The Ultimate List of Must-read Children's Books: The Top Five
First, an apology. I posted my introduction post to the Ultimate List of Must-Read Children's Books in July last year, and have left you hanging ever since. Shocking. I could give you a list of excuses and reasons as to why the blog has been much neglected this last year, but it all essentially boils down to the fact that I'm lazy and hopeless at sticking to anything.
I'm also a very good ditherer, and can spend far too long deliberating about things that really don't matter. In this instance, I couldn't decide whether to stick to the original plan and give you the top ten books on the list (which would be quicker), or whether to re-read them, and write a post about each one in turn (which would be more comprehensive). The first option definitely appeals to my laziness, whilst the second appeals to my perfectionism. A job worth doing, as my Mother would say, is worth doing well.
But, after much deliberation, I've finally decided to stick to the original plan. Though I would dearly love to have the time and motivation to write a blog post about every single book on the list, I'd also like to actually get to the ones I haven't read sometime this century! Plus, quite a lot has already been written on the books towards the top of the list, and I'm sure you don't need my input as much as for some of the ones nearer the bottom that you perhaps (like me) haven't explored yet.
In a minor change of plan though, I'm only giving you the top five here - mainly because I got to number five and the post was already getting far too long...
The Cream of the Crop
1. Winnie-the-Pooh (A.A. Milne, 1926)
A clear winner, Winnie-the-Pooh is the ONLY book to have appeared on every single one of the 11 lists I consulted. It has been consistently in print since 1926, and with good reason - it's pretty much perfect. Pooh will be 100 in two years time, but he never seems to date - the stories are just as gentle, funny and touching today as they always have been. It isn't full of references or language that don't make sense to a modern audience. It doesn't have themes that are no longer relevant or children who are no longer relatable. AND, importantly, it is a pleasure for adults to read as well (unlike many a book I have been forced to read over the years).
I don't remember reading Winnie-the-Pooh. It feels more like it has been absorbed into my consciousness over the years. It's probably the same for you - you don't remember learning to talk, or to walk, you just can. You don't remember the first time you ate ice cream, you just know what it tastes like.
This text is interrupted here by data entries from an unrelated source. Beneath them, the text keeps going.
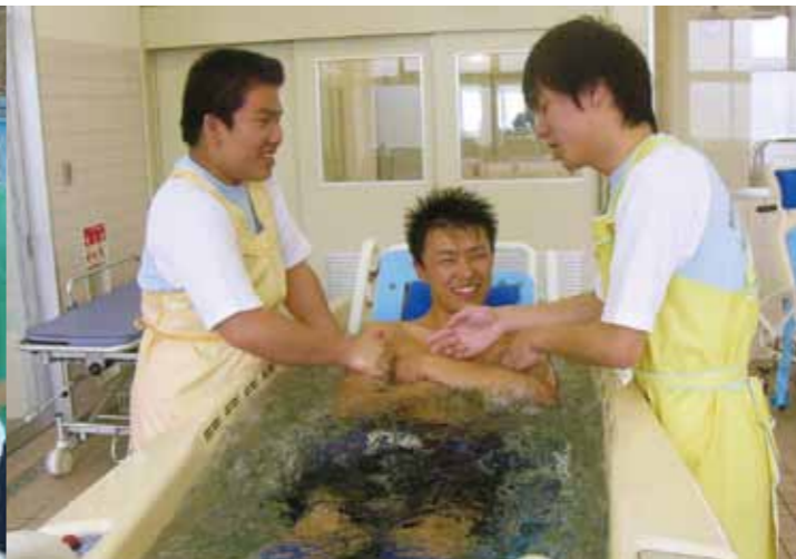
福祉科の入浴実習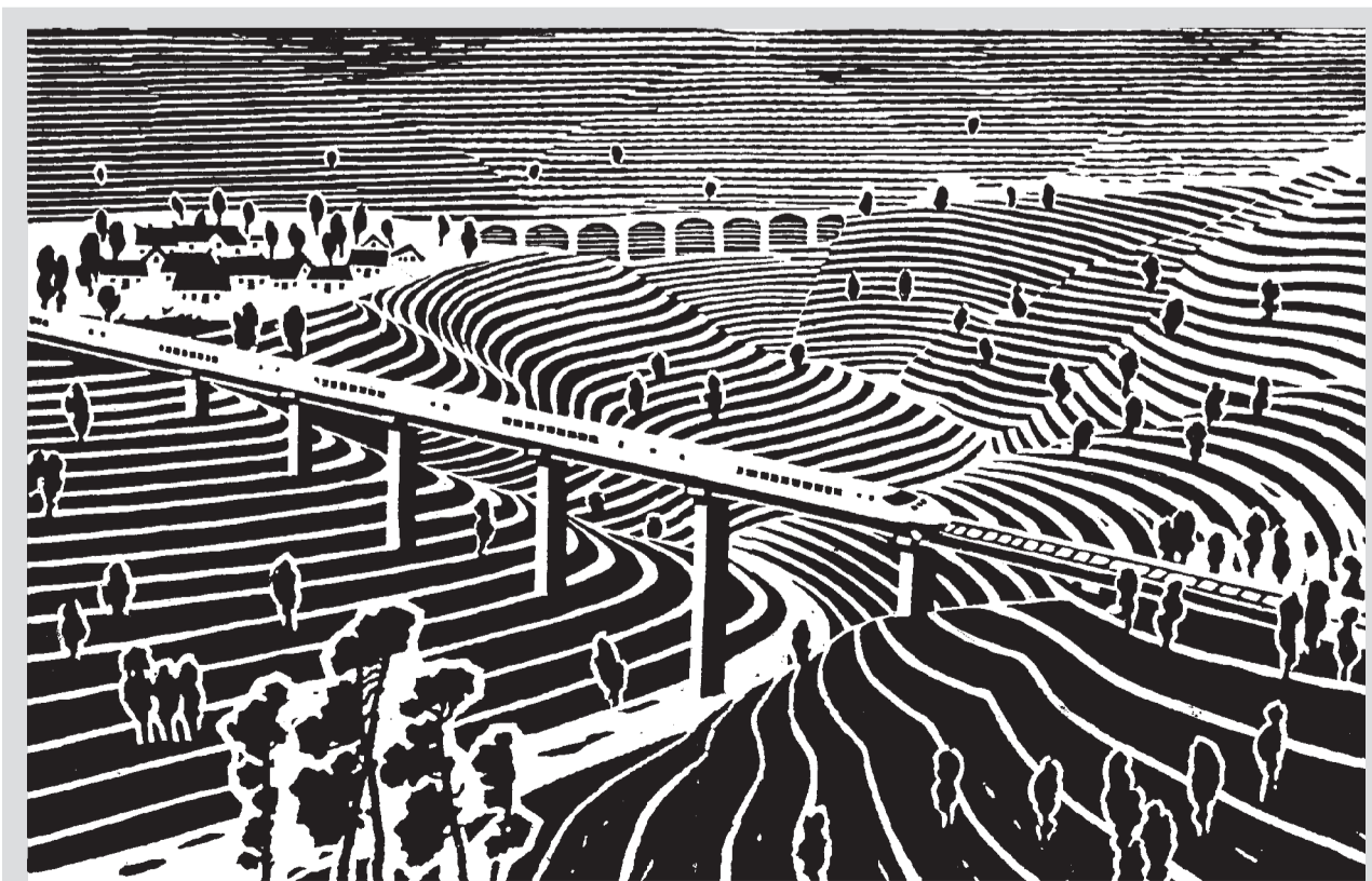
曲线与直线(版画) 莫测/作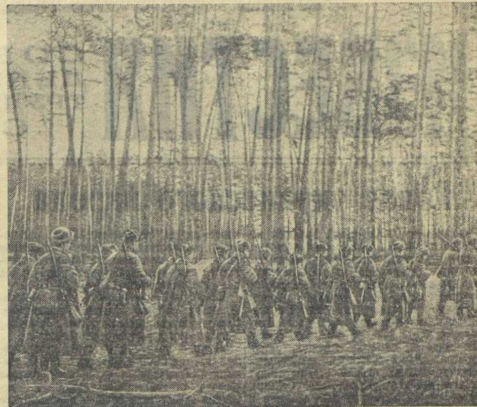
НА ЗАЩИТУ МОСКВЫ. Н-ский рабочий полк, сформированный из трудящихся города, выходит на предначинанное ему место.

Принято 26 ноября 1941 г. на митинге представителей украинского народа.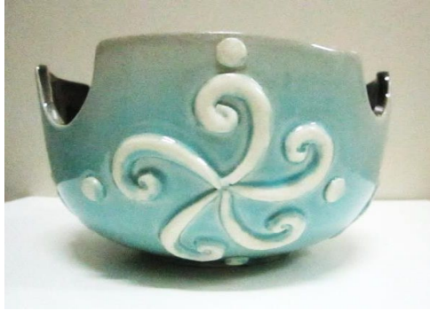
Şekil 7. Çalışma 3 (18x9 cm)

Pişirim: İlk pişirim 950°C, sırlı pişirim 1020°C.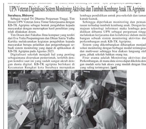
Gambar 9. Media Massa

Redaksi berita yang terbit dapat dilihat pada Gambar 9.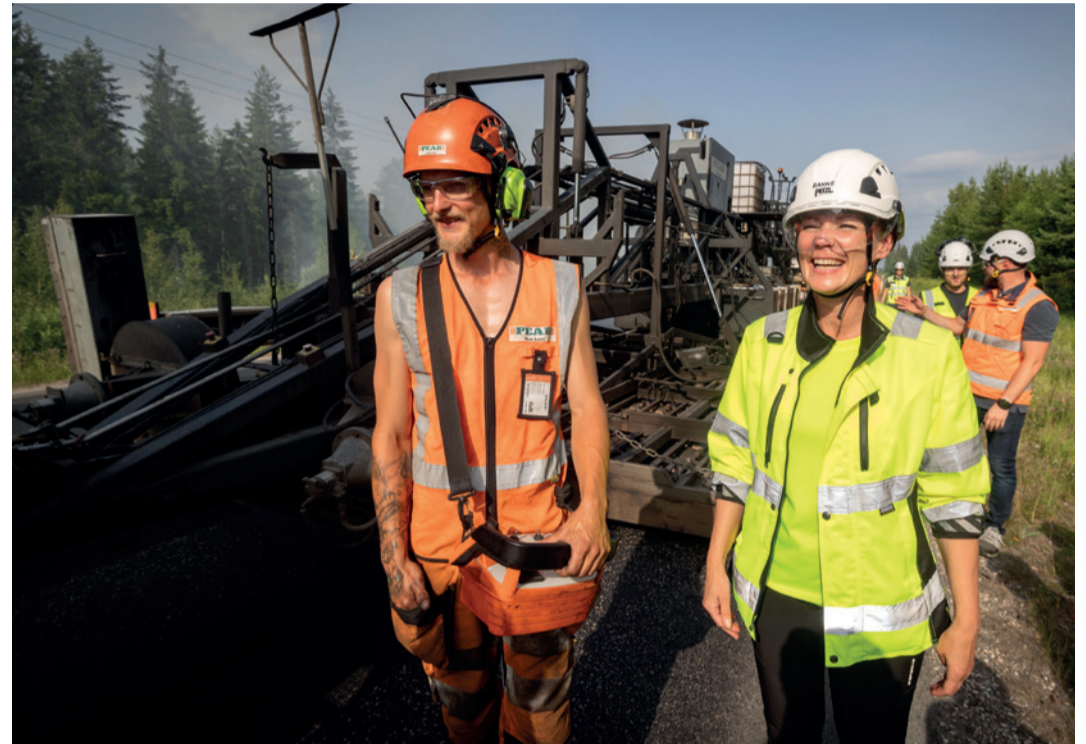
Lulu Ranne tunnetaan utterana ja aikaansaavana ministerinä.

– Liikenteessäkin keskitytään nyt perusasioihin. Kun rahaa on niukasti, on paukut pistettävä ensisijaisesti nykyisistä tie- ja raideyhteyksistä huolehtimiseen. 12-vuotisen suunnitelman esitys sisältää mm. linjauksia, joilla huonokuntoisten teiden ja raiteiden kilometrimäärien kasvu saadaan taitettua ja vuosien ajaksi kasvu myös käytännössä pysähtyisi. Korjausvelan kanssa tekee siis tiukkaa, mutta kun talous läh-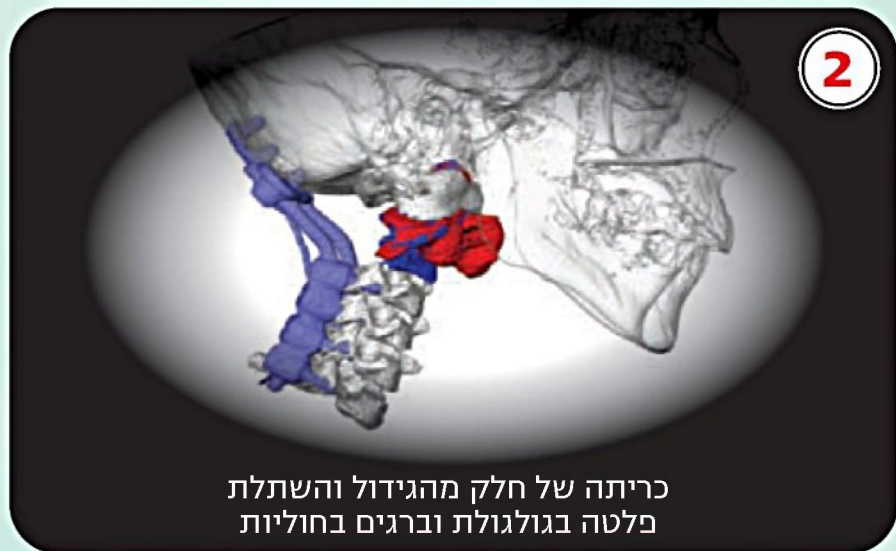
2 כריתה של חלק מהגידול והשתלת פלטה בגולגולת וברגים בחוליות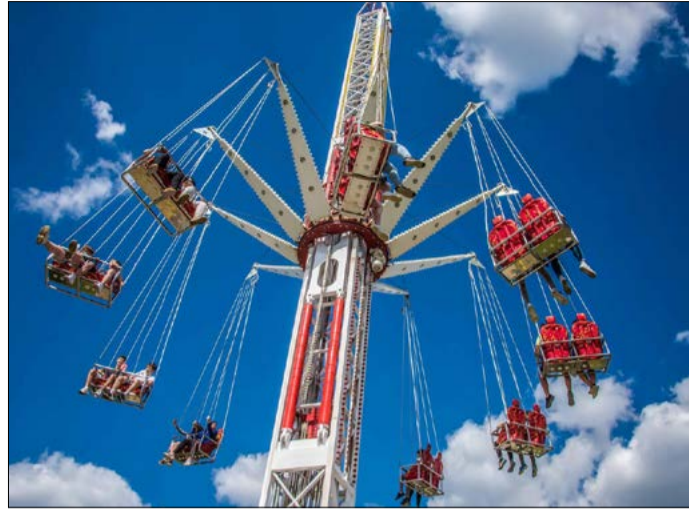
Egy 30 méter magas körhintát állítottak fel a parkolóban

Az évad során látható lesz többek között Szórényi Levente és Bródy János rockballadája, a Kőműves Kelemen; az Egy szoknya, egy nadrág Bodrogi Gyula rendezésében, a Szenté Vajk által színre vitt Funny Girl, valamint a Puskás, a musical is. Az évadon belül rendezik meg a X. Cervinus Művészeti Fesztivált is,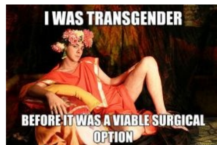
Гелиогабал был трансом прежде, чем изобрели

Эл(а)-Габал (чурк. Бог Горный) aka Вaal был сирийским богом света. Поэтому, а также из-за схожести его имени с именем бога Гелиоса, греки исказили Элагабал до Гелиогабал.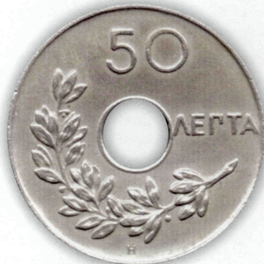
▲ Εικ. 23: Το χαλκονικέλινο 50λεπτο του 1921.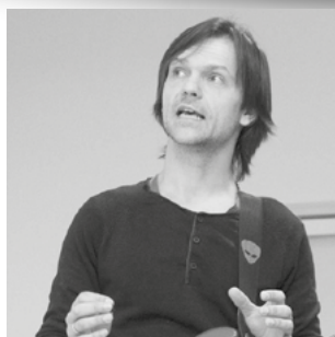
ARE BRANSTAD «Rock og innovasjon»

TID: Torsdag 24.11.2016 09.30-14.30 STED: Klækken Hotell, Hønefoss PÅMELDING: Innen mandag 14.11.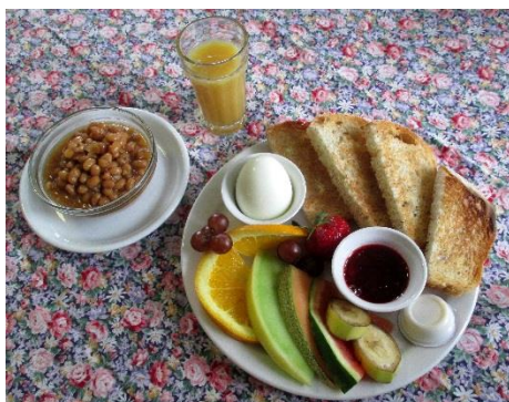
Déjeuner – Assiette québécoise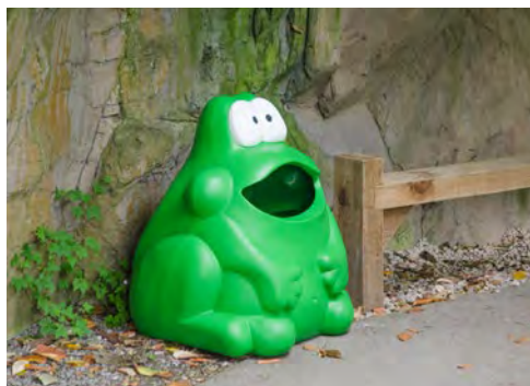
Groda Froggo™ Papperskorg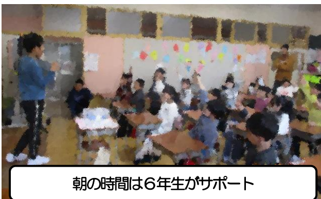
朝の時間は6年生がサポート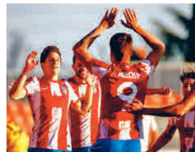
El filial rojiblanco continúa con su buena dinámica

tos al ascenso, Las Rozas, que visita en la tarde del domingo (18 horas) el campo de un Complutense que corre el riesgo de quedarse descolgado en la lucha por la permanencia. Otro partido destacado en la zona alta lo jugarán el Rayo Vallecano B y el Torrejón. Será este domingo (11 horas) en la Ciudad Deportiva franjirroja.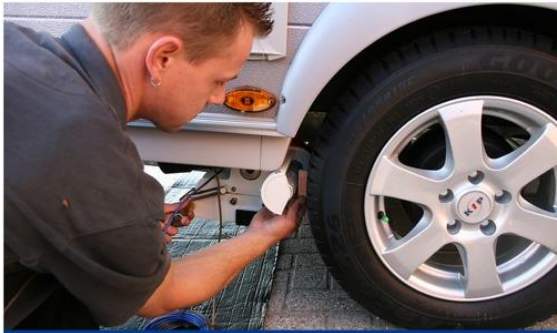
Stap 5: Afstellen van rol tot band

You don't remember the first time you heard about Pooh, or Piglet, or Tigger. They're just there in your brain, and always have been. I can't think of many children's books that can make the same claim really, which makes it a deserving winner, in my mind.
2. Charlotte's Web (E.B. White, 1952)
Charlotte's Web almost tied with Pooh, as it appeared on 10 of the source lists. I love Charlotte's Web, and would happily pick it up and read it again at any time. Templeton was my favourite. Not sure what that says about me.
Charlotte's Web is one of those books which (as far as I know) has never been re-issued with new illustrations. If you buy a copy today, you'll still see the original drawings by Garth Williams, and I like that - there's something comforting about the fact that old children's books are still as they were and are not continually 'revamped' for new audiences. That said, I've never been able to persuade my own boys that it is worth reading. Perhaps they think it looks old and boring - and it's not actually an easy book to sell to young boys who are obsessed with magic, robots and superheroes. I hope they come around to it one day, because everyone should read it at least once.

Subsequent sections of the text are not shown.